Why is that? In our experience, it’s because there seems to be so much at stake for both parties – and much of that is unsaid or imagined. If my parent asks if I want to be in the family business, does that mean they expect that of me? What if I say “yes,” but I realize they have serious reservations about it? If as the next generation I ask them, am I putting them in a bad spot or seeming pushy? Even if the answer is “yes,” is that the final answer or are there other conditions (and difficult choices and learnings) that might come with that? You can see the swirl of sentiments and hidden anxieties that this question can stir up on both generations.
In some cases, it may not be avoidance so much as either party just takes it for granted the other person “just knows.”

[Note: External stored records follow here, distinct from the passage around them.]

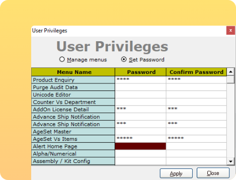 Hierarchical user privilege management by configuring role-wise and user-wise access control. Protects each menu, screen, and operation with a password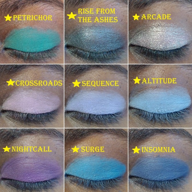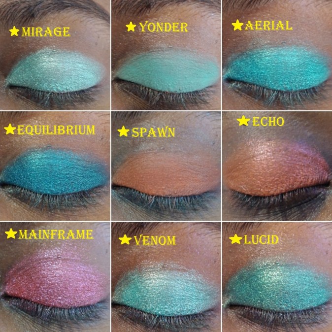 This palette is another great mix of pops of color with neutrals, just with a grungy twist. It isn’t perfect, but I would still recommend this to anyone who likes the color story. I don’t recommend this to someone specifically wanting it for the duochromes and multichromes. For those kind of shadows with more impact, I suggest Clionadh, Devinah, and Terra Moons. Even JD Glow’s Galaxy Shadows have more sparkle and shine.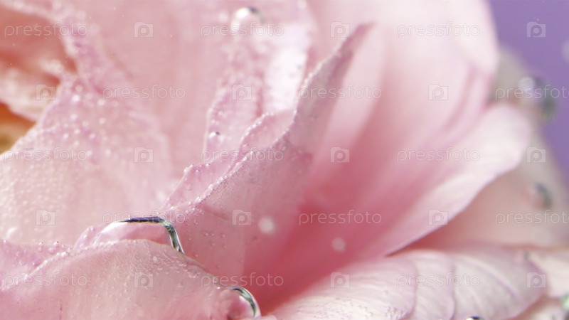 Красивые лепестки роз в воде. резервные кадры. яркий цветок, который имеет много пузырей в воде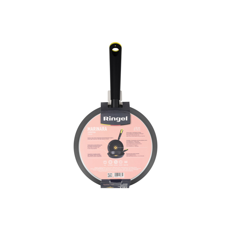 Cковорода MARINARA від Ringel - це універсальний помічник на кухні для готування і розігрівання найрізноманітнішої їжі. Нестандартний кут нахилу борта зроблений як у професійному кухарському посуді. Цей кут нахилу дозволяє готувати овочі з «підкиданням» і швидким обсмаженням. Виготовлені з високоякісного кованого алюмінію, ці сковороди мають товщину 3 мм, є міцним посудом зі швидким і рівномірним нагріванням. У даній серії використовується надстійке тришарове антипригарне покриття, що дозволяє використовувати менше олії при приготуванні.
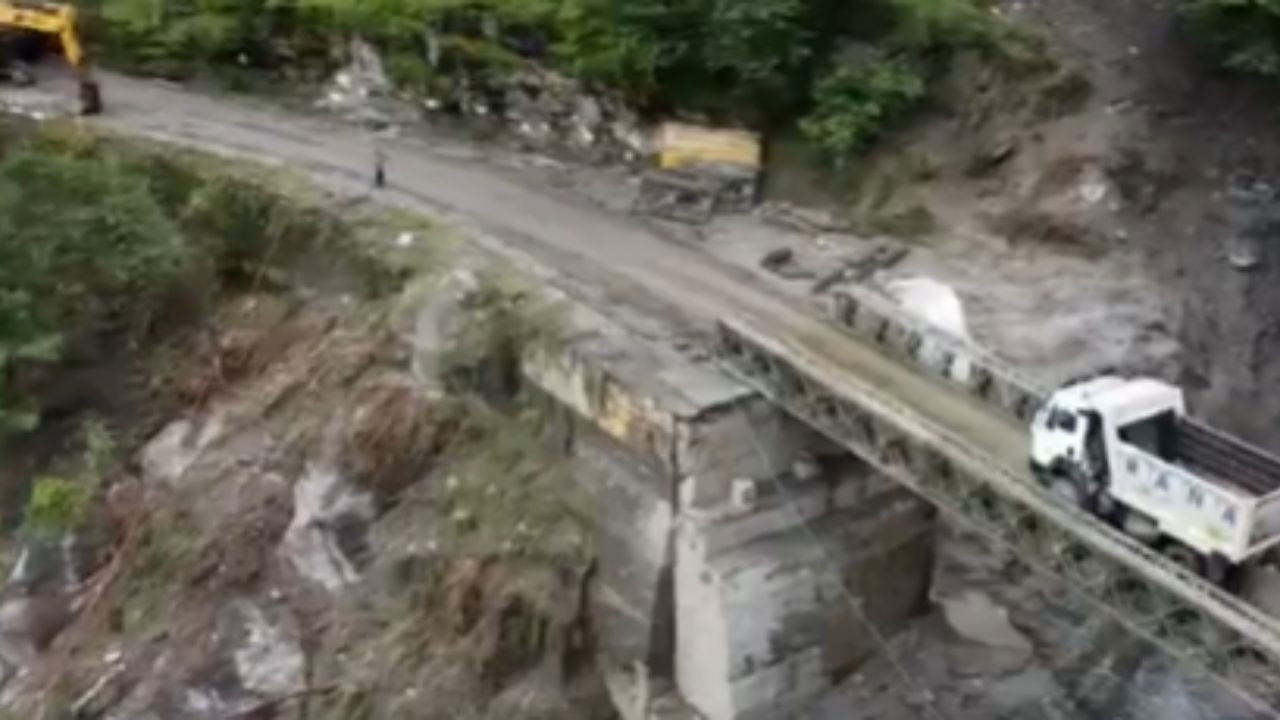 #WATCH | Uttarakhand | The bridge connecting Uttarkashi to Harsil has been reconstructed to facilitate easy movement of machinery and relief materials in the aftermath of the cloudburst and flash floods that caused mass destruction in Dharali and Harsil of Uttarkashi district on… pic.twitter.com/hTBOIzwOI4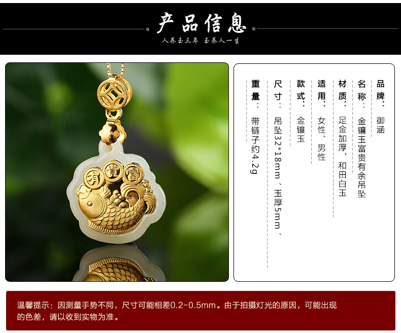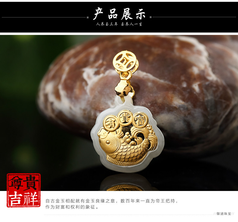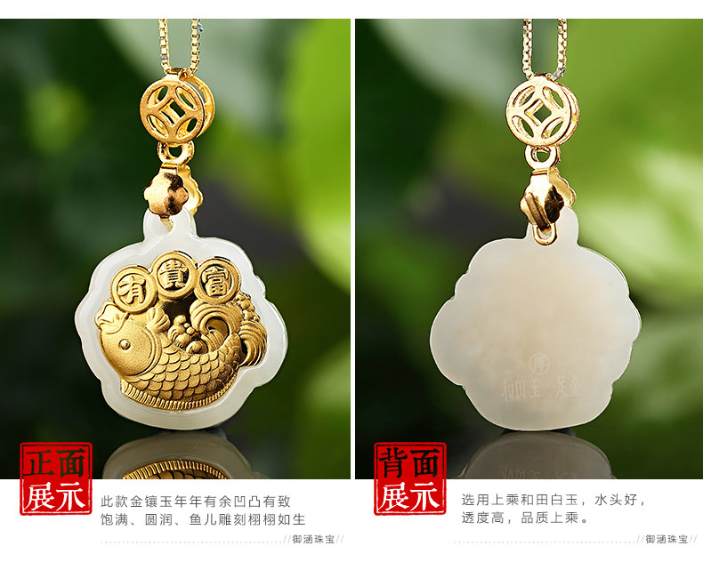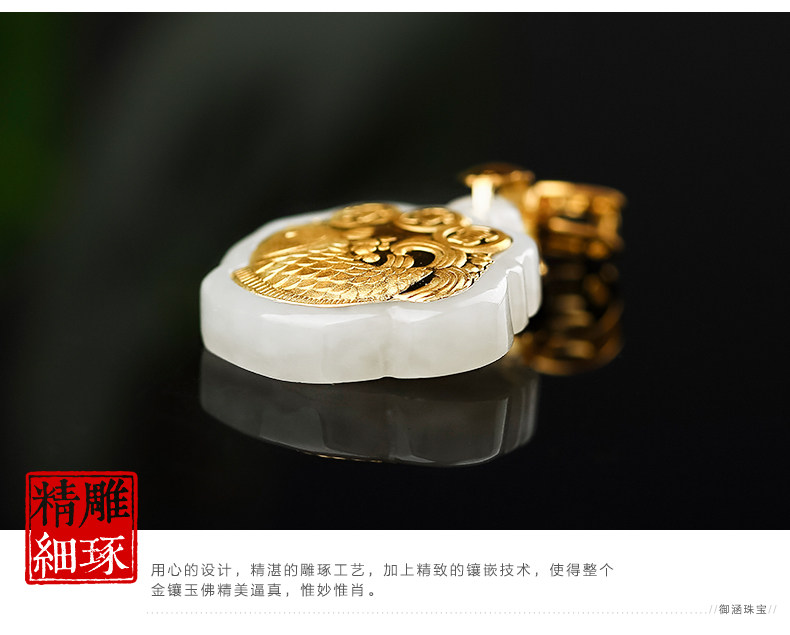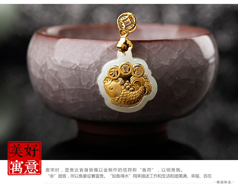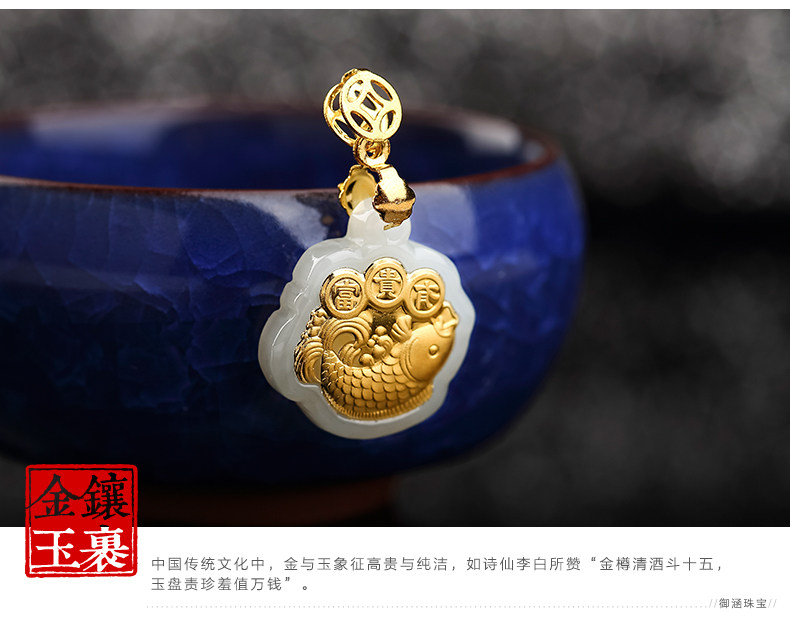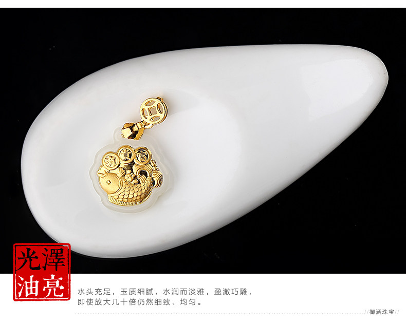 足金镶嵌和田玉鲤鱼吊坠 天然玉佩玉石项链宝宝女款年年有余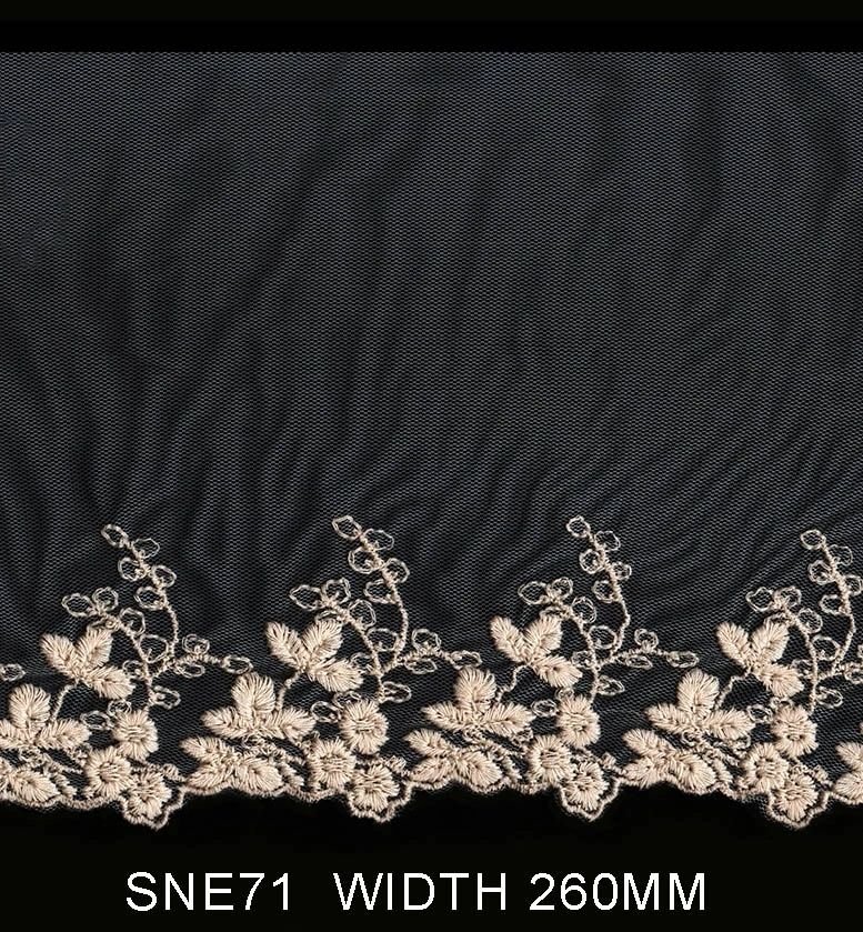 COTTON EMBROIDERY ON MESH NET EMBROIDERED WIDTH 65 MM TOTAL WIDTH 260 MM PRICE PER METER DYEABLE EXPORT QUALITY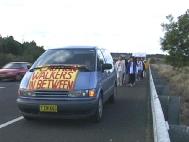 3月5日下午3点左右,我在北京遇到几位功友:有两个是三年级的小功友,有他们的奶奶、妈妈,还有澳大利亚的华人功友。我们从天安门广场地下通道刚上来就看见武警三步一岗五步一哨,便衣特务遍地都是。我们没走30米,过来两个武警拦住我们,问我们是不是炼法轮功的,我们说“是”,两个武警就把我们推到广场边。我说你们小年轻的不要打骂法轮功学员,我们都是好人,法轮功是正法。在他们不注意的情况下,我和澳大利亚华人大法弟子拉开了“法轮大法好”的横幅,武警马上过来抢走横幅把我们押上警车。

The consequence of that avoidance is enormous. Much more than a hard truth, not having the conversation can endanger legacy, squander family wealth and be a wordless wedge in family harmony. We recommend that a family business have a charter, and that charter ought to lay out the considerations or standards for family employment and promotions – but the first step in that process is clarity around intent.
Questions lead to clarity and clarity leads to commitment – in that order. Pushing through whatever awkwardness, casualness or fear stands in our way, having the dialogue early can clear the path for all family members to commit to the next steps.